I don’t know what best practice is for specifying disks to ZFS on Linux, but arch wiki suggests not using /dev/sdc, but the ID instead https://wiki.archlinux.org/title/ZFS#Identify_disks
Also you don’t need to offline the pool to replace a disk, you can keep using it as it resilvers.
The number you’re talking about is in reference to the old disk. I had swapped out the old drive and when I tried to run the command
Pool replace pool device [new_device]
It yelled at me that I needed to reference the old drive as well? So I’m not sure why it didn’t work the way you said it should
Huh annoying. You can run zdb -C TheMass To get more info about the pool and the disks in it. Might list enough disk detail to give you confidence it’s using the layout you want.
For me identifying disks usually ends up being unplugging them one by one and checking which shows OFFLINE. Could be worth the trouble to know for sure its specifying and using the disks.
In any case a good time to setup a backup for anything you can’t replace.
Yeah that’s what I’m thinking of doing now, backup everything important just in case and continue to work on it.
Thankfully I can identify any disk rather easily with the command you mentioned (used it before to grab a drives serial number which is printed on the drive its self).
Unless the lsblk output is wrong, you have single drive RAID0 configured on all of the other drives. I’m not sure why would anyone do that, I’d expect all of them to be set up in similar fashion as the sdc
is. It would explain the different device name.

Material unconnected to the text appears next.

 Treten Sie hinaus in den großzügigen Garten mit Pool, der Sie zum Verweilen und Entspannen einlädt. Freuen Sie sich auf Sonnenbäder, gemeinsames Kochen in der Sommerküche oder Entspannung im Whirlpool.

The speed difference might or might not be same issue. It might be completely separate thing. Like a different drive record size or something like that, so it might be a good idea to troubleshoot each problem separately.

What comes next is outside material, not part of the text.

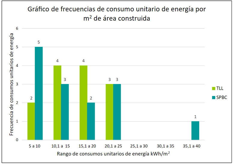 Adicionalmente, como parte de un análisis estadístico, se procedió a elaborar un gráfico ( Fig. 17) comparativo entre los dos proyectos de frecuencias de consumo unitario de energía por m 2 construido. Por lo tanto, se consiguió observar cuáles rangos de consumo unitarios de energía total (sumando electricidad y combustible) en kWh/m 2 se repiten más en ambos edificios. En el caso de SPBC, el rango que más se repite es entre 5 y 10 kWh/m 2, y, en TLL, son de 10 a 15 y de 15 a 20 KWh/m 2, por lo que se podría decir que SPBC posee una mayor eficiencia en términos de consumo energético contra el avance de construcción de obra gris. Sin embargo, en un nivel construido en SPBC, se presentó un consumo unitario mayor a 35 kWh/m 2, este se dio en la construcción de la placa de fundación, la cual coincidió con algunos trabajos de movimiento de tierras y con los fletes de alquiler de equipos como formaletas, lo cual generó un mayor consumo de energía por el uso de combustible. Además, como se ha mencionado anteriormente, al inicio del proyecto SPBC, se utilizaba un generador para la utilización de la grúa torre y, en un proyecto de construcción, esta implica una gran cantidad de consumo.

I use to have it on a LSI raid card a long time ago before switching to a hba card. I had each drive passed through the lsi card as a single disk raid and then I used zfs to create a pool. I’m guessing this is what caused this now that I think about it.
I have like 9tb on this pool so moving everything off of it and then redoing the pool would be currently impossible so I wonder how I would fix this? Replace one drive at a time with some of my spares and swap them around?
Yeah one at a time would work, but it would be quite a bit of writing to rotate all.
As for the performance, are you replacing the failed drive with the same model or did you use a different one?
Is it possible to replace a disk with the same disk? Like effectively wiping a disk and replacing it with its self so I don’t have to use up my spare drives as rotation drives and add needless wear to them?
I made sure to replace the dead drive with the exact same drive as the rest. All of them are Seagate 7200rpm 3tb SAS drives.